___ Dataset ___
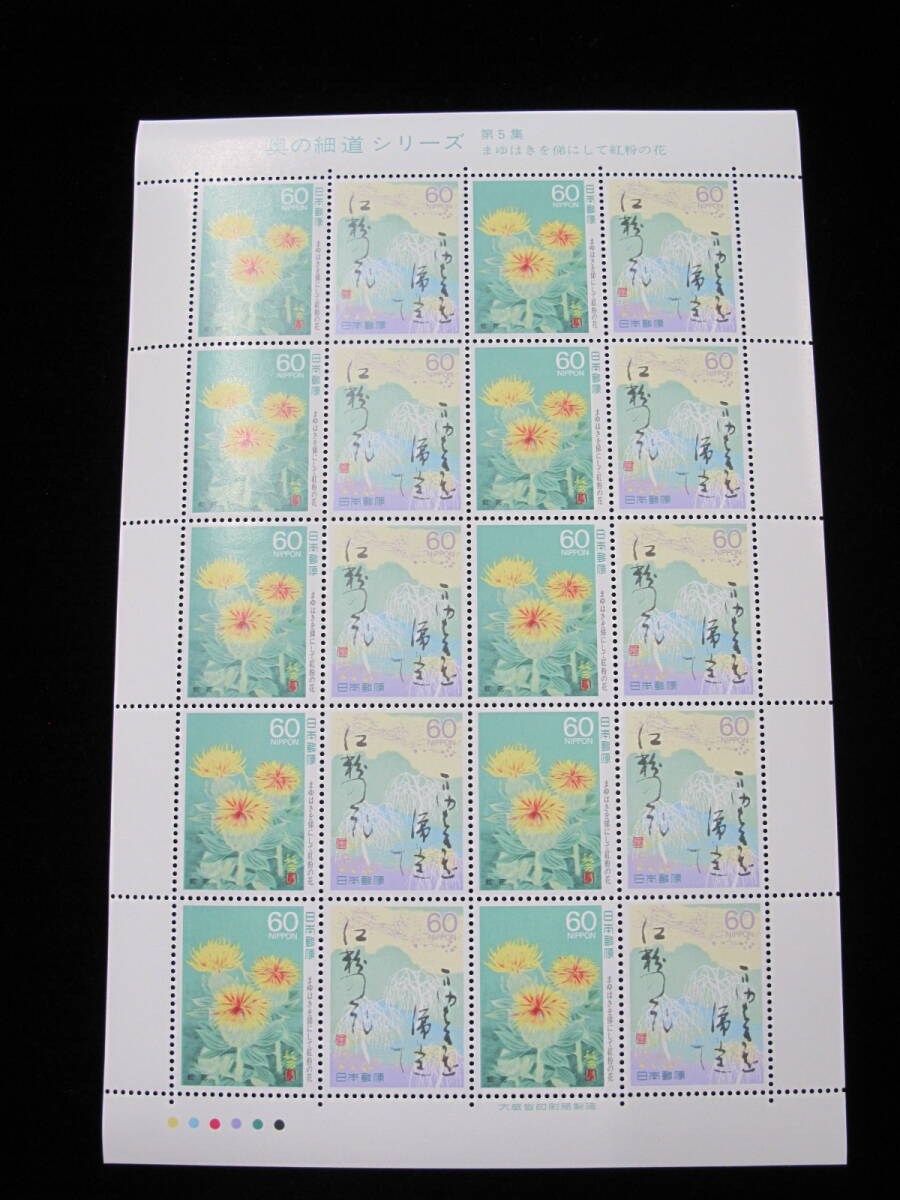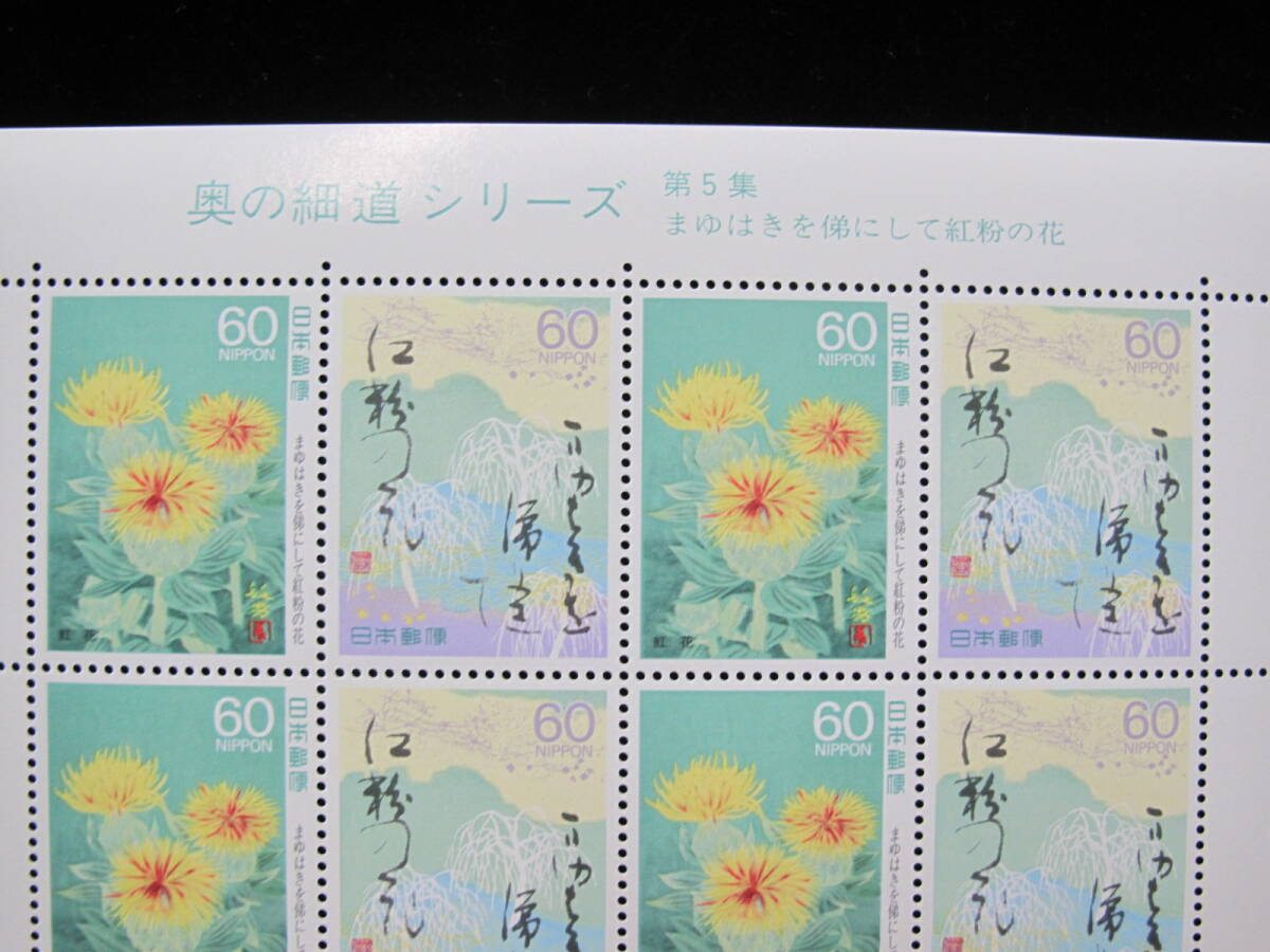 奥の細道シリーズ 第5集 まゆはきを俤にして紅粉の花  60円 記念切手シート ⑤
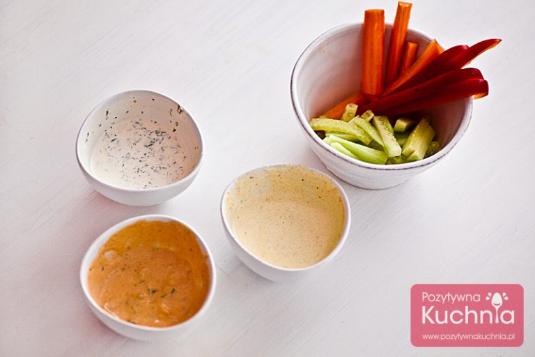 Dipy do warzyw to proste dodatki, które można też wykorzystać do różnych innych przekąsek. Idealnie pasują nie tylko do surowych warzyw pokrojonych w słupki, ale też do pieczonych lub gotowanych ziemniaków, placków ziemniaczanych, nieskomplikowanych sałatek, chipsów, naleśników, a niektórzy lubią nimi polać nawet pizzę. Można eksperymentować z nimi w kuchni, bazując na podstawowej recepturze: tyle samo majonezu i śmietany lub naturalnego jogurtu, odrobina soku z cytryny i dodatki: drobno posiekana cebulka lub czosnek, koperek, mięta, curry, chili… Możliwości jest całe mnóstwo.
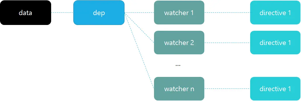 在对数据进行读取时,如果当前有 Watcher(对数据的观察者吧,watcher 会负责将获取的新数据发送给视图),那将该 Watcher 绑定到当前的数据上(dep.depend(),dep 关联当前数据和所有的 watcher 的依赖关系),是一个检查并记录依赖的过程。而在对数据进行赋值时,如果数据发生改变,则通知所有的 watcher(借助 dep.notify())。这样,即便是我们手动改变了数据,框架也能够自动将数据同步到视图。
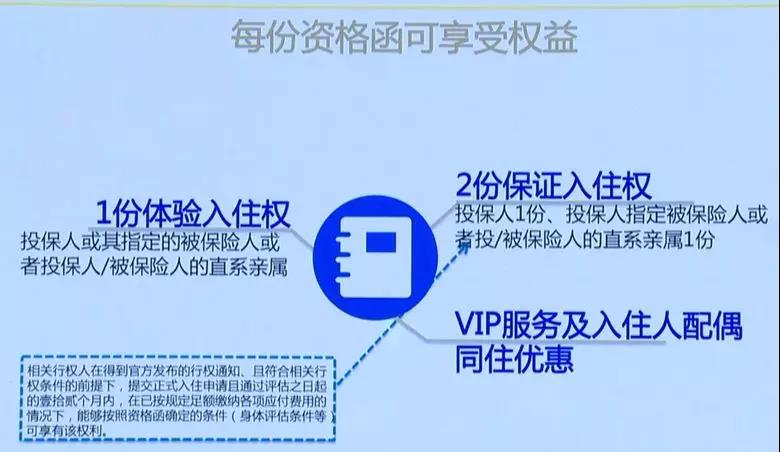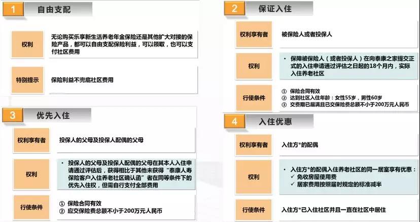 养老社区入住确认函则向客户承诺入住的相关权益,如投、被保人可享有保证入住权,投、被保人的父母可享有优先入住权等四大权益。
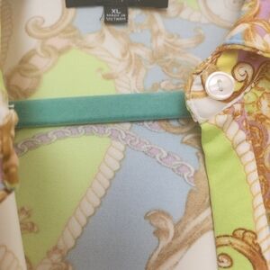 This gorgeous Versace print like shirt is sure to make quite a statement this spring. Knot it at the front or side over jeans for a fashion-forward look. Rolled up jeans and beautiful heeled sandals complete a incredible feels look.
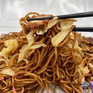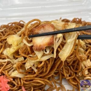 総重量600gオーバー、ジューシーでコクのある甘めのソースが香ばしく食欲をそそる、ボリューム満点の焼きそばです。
___
Directions: Could you print all the entries exactly as they stand, with the pictures left out?

Result of the exercise:
 奥の細道シリーズ 第5集 まゆはきを俤にして紅粉の花  60円 記念切手シート ⑤
 Dipy do warzyw to proste dodatki, które można też wykorzystać do różnych innych przekąsek. Idealnie pasują nie tylko do surowych warzyw pokrojonych w słupki, ale też do pieczonych lub gotowanych ziemniaków, placków ziemniaczanych, nieskomplikowanych sałatek, chipsów, naleśników, a niektórzy lubią nimi polać nawet pizzę. Można eksperymentować z nimi w kuchni, bazując na podstawowej recepturze: tyle samo majonezu i śmietany lub naturalnego jogurtu, odrobina soku z cytryny i dodatki: drobno posiekana cebulka lub czosnek, koperek, mięta, curry, chili… Możliwości jest całe mnóstwo.
 在对数据进行读取时,如果当前有 Watcher(对数据的观察者吧,watcher 会负责将获取的新数据发送给视图),那将该 Watcher 绑定到当前的数据上(dep.depend(),dep 关联当前数据和所有的 watcher 的依赖关系),是一个检查并记录依赖的过程。而在对数据进行赋值时,如果数据发生改变,则通知所有的 watcher(借助 dep.notify())。这样,即便是我们手动改变了数据,框架也能够自动将数据同步到视图。
 养老社区入住确认函则向客户承诺入住的相关权益,如投、被保人可享有保证入住权,投、被保人的父母可享有优先入住权等四大权益。
 This gorgeous Versace print like shirt is sure to make quite a statement this spring. Knot it at the front or side over jeans for a fashion-forward look. Rolled up jeans and beautiful heeled sandals complete a incredible feels look.
 総重量600gオーバー、ジューシーでコクのある甘めのソースが香ばしく食欲をそそる、ボリューム満点の焼きそばです。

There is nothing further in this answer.